Oooops. They are starting to throw candy to the epsilons. I really have to go.

Richard.
 
  • #46
nightcleaner said:
For example, there is indicial notation. Penrose informs me that the upper indices represent vectors, and the lower indices represent covectors, but I have less notion of what that means than I have of form and emptyness.

You comfortable with the idea of a vector? Something you can add, subtract and multiply by a constant? You can set up a basis and write every vector as a sum of basis vectors times constants. The individual products, constant times a basis vector are the components of that vector in that basis. All square?

Now imagine a linear function that maps vectors into the constants (which are nearly always either the real numbers or else the complex numbers). Take the set of all such functions. You can add them, subtract them and multiply then by constant (c*f(v) = f(c*v) ). So they act like vectors! They are called covectors. If your vector space has basis vectors e^1, e^2, etc. then the functions e_1,e_2, defined by e_i(e^i) =1 and e_i(e^j) = 0 for i \ne j form a dual basis of the dual vector space containing the covectors. As I have indicated the covectors (linear functions from the vector space to the constants) have lower indexes and the ordinary vectors have upper indexes.

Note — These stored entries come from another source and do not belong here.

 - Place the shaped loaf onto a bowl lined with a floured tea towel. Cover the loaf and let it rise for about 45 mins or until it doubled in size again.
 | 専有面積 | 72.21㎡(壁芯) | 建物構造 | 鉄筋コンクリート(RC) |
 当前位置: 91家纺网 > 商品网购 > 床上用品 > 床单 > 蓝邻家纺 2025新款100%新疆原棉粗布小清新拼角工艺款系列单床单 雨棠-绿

An important case of dual vectors is the derivatives. The partial derivative \partial / \partial x acts on a vector and produces a number: \partial v/ \partial x =c. And it is linear, so the derivatives form a dual vector space to the vectors.
 
Last edited:
  • #47
Nightcleaner

Nothing to add but chat really. I also like the Jane English version of the TTC. There are a number of dire translations about, but this one gets the meaning and the music. Some translations seem to have been done by people who don't realize what Lao-Tsu was saying.

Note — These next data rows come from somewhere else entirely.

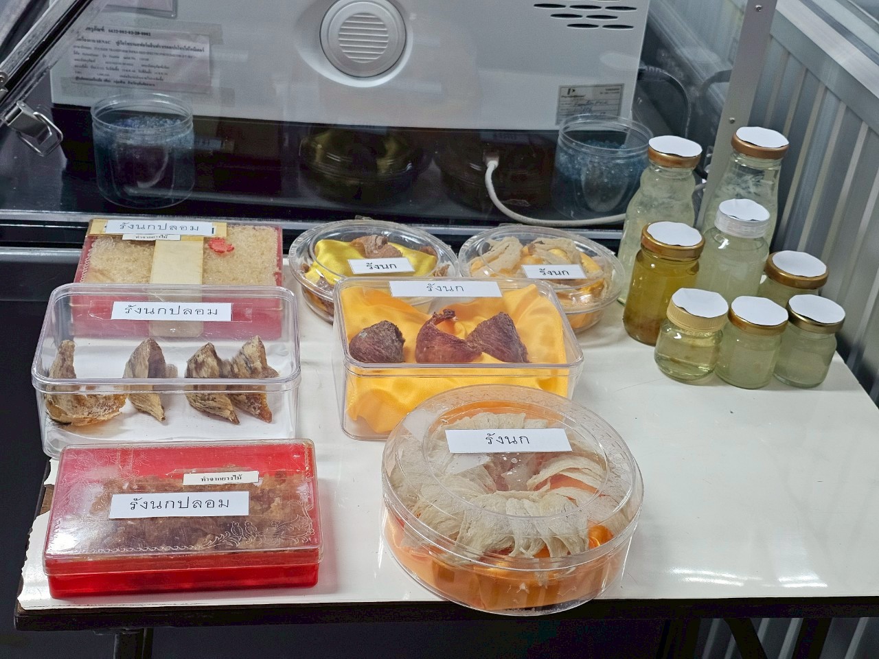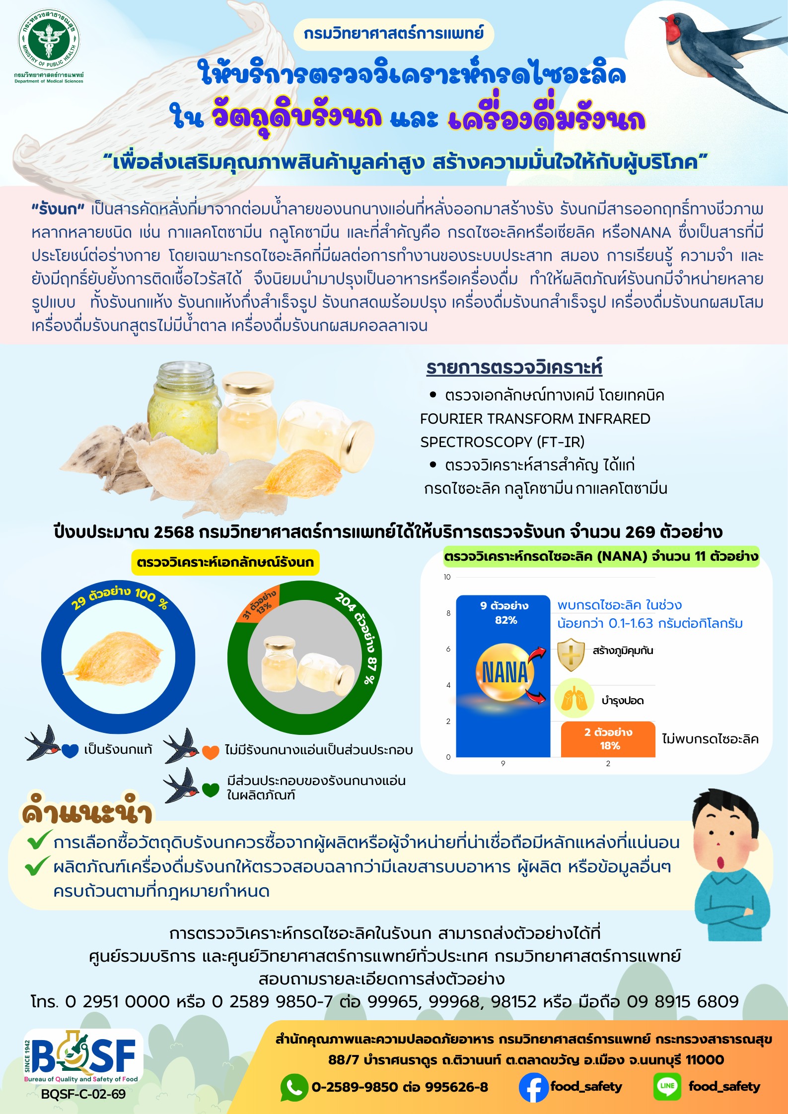 ทั้งนี้ที่ผ่านมาในปีงบประมาณ 2568 กรมวิทยาศาสตร์การแพทย์ได้ให้บริการตรวจเอกลักษณ์รังนก จำนวน 269 ตัวอย่าง แบ่งเป็นวัตถุดิบรังนก จำนวน 29 ตัวอย่าง พบว่าทุกตัวอย่างเป็นรังนกแท้ เมื่อเปรียบเทียบ Infrared spectrum กับรังนกนางแอ่น และเครื่องดื่มรังนกสำเร็จรูป จำนวน 235 ตัวอย่าง พบว่ามีส่วนประกอบของรังนกนางแอ่นในผลิตภัณฑ์ จำนวน 204 ตัวอย่าง (ร้อยละ 87) ไม่มีรังนกนางแอ่นเป็นส่วนประกอบ จำนวน 31 ตัวอย่าง (ร้อยละ 13) ตรวจวิเคราะห์กรดไซอะลิค จำนวน 11 ตัวอย่าง ไม่พบกรดไซอะลิค จำนวน 2 ตัวอย่าง (ร้อยละ 18) พบกรดไซอะลิค ในช่วง น้อยกว่า 0.1-1.63 กรัมต่อกิโลกรัม จำนวน 9 ตัวอย่าง (ร้อยละ 82)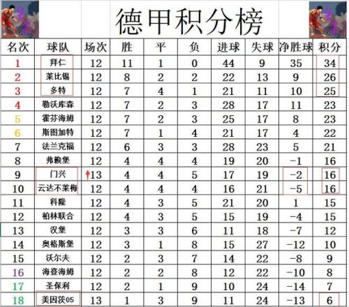 德甲最新積分戰(zhàn)報(bào)輸給拜仁后4勝1平門興5輪不敗沖進(jìn)上半?yún)^(qū)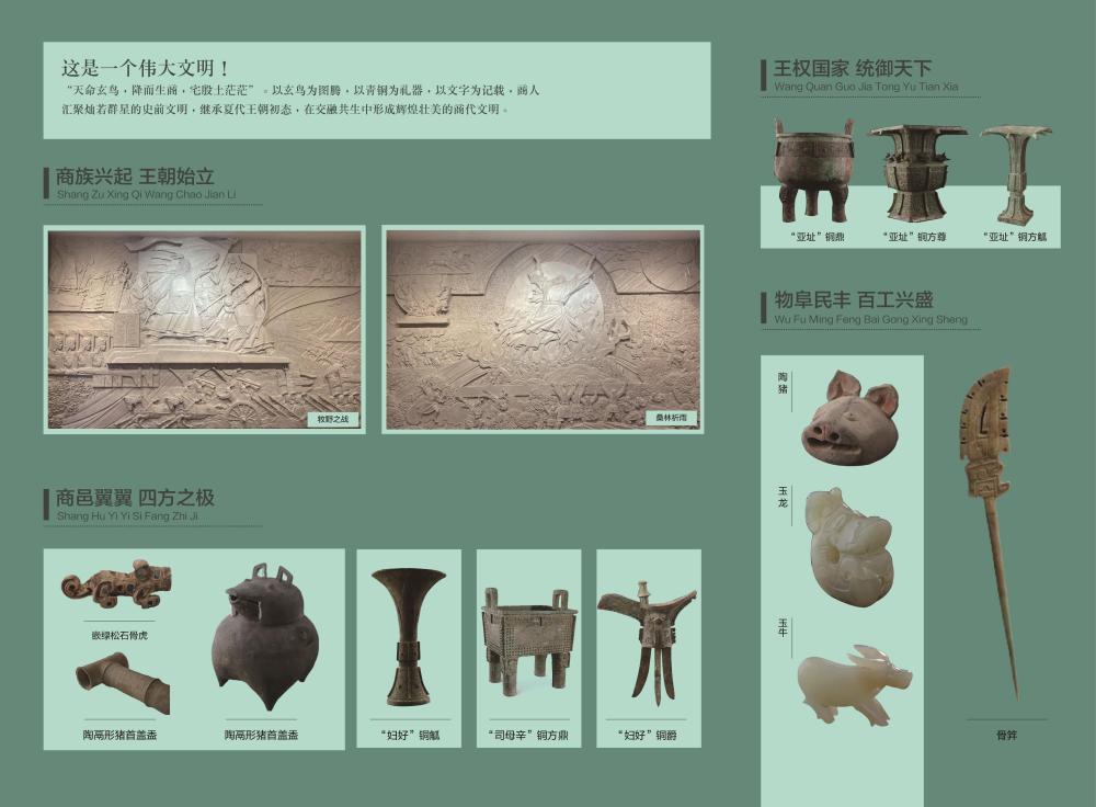 基本陳列將長(zhǎng)期對(duì)公眾開放,展示幾代殷墟考古人接力前行、不斷求索,取得了一次又一次重要發(fā)掘成果,對(duì)夏商都邑的深入研究,為不同時(shí)期不同區(qū)域的商文化研究提供了對(duì)比標(biāo)尺。眾多首次亮相的各類珍貴文物再現(xiàn)了商朝繁盛的城市文明,完善的禮樂(lè)文明、發(fā)達(dá)的青銅文明、燦爛的文字文明以及高超的科技文明。全面系統(tǒng)地展現(xiàn)了我國(guó)商代晚期都城的風(fēng)貌,讓全世界看到一個(gè)中華文明早期發(fā)展階段最為輝煌的時(shí)代——大邑商。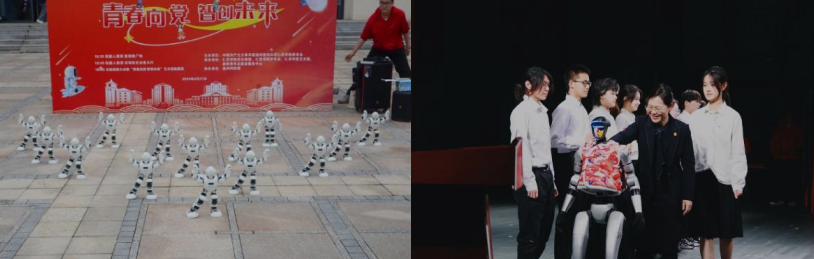 大会以艺术团合唱队《有我》拉开帷幕,对公益慈善、创新创业、文艺体育等各类先进青年典型进行了集中表彰。来自温州科技馆的智能机器人以“特殊嘉宾”身份惊艳亮相,上演了极具未来感的科技展演。颁奖环节,宇树机器人化身“科技礼仪”,将证书送至颁奖嘉宾面前。科技与仪式感的深度融合,为整个表彰大会注入创新活力,将现场气氛推向高潮。

The wonderful thing about the Tao, taken as fundamental, is that it is neither a background nor not-a-background, a useful concept for science given the current stalemate on this issue.

Hope you mange to sort your connection.

selfAdjoint said:
Philosophers don't seem to be able to let go of this old idea of infinitesimals, which mathematicians abandoned two hundred years ago.
Could you expand a little? I fear I may be misunderstanding the current mathematical notion of infinitessimals. Are they considered real or conceptual these days?

You say you can imagine an extended temporal or spatial continuum. Perhaps so, but you must admit this doesn't show the idea actually makes sense. I would argue that it doesn't, but don't have a knock-down argument yet.

Regards
Canute
 
  • #48
Canute said:
The wonderful thing about the Tao, taken as fundamental, is that it is neither a background nor not-a-background, a useful concept for science given the current stalemate on this issue.

I have a strong feeling that the current pure mathematics/theoritical physics is
representing/constructing the thoughts of ancient philosophy such as Tao and YiJing,
and this seems be a "philosophy-science" duality also?
 
  • #49
Hello Rain.w- welcome to the forum. I also hold this view.
 
  • #50
OK I was refraining for it, but given the ambiance it seems I should sell here my own references:
http://arxiv.org/abs/physics/0309104 Democritus as Taoist (see also http://dftuz.unizar.es/~rivero/research/0309104fn.html )
http://arxiv.org/abs/math/9904021 On the section of a cone
http://arxiv.org/abs/physics/0006065 Rhythmos, Diathige, Trope

the last one is in Spanish, but you can get a smaller English version selecting v1 of the same article.

Mathematicians can understand duality in the sense of De Rham, expanding on the explanation of selfAdjoint. One needs a cycle and a cocycle in order to get an integral.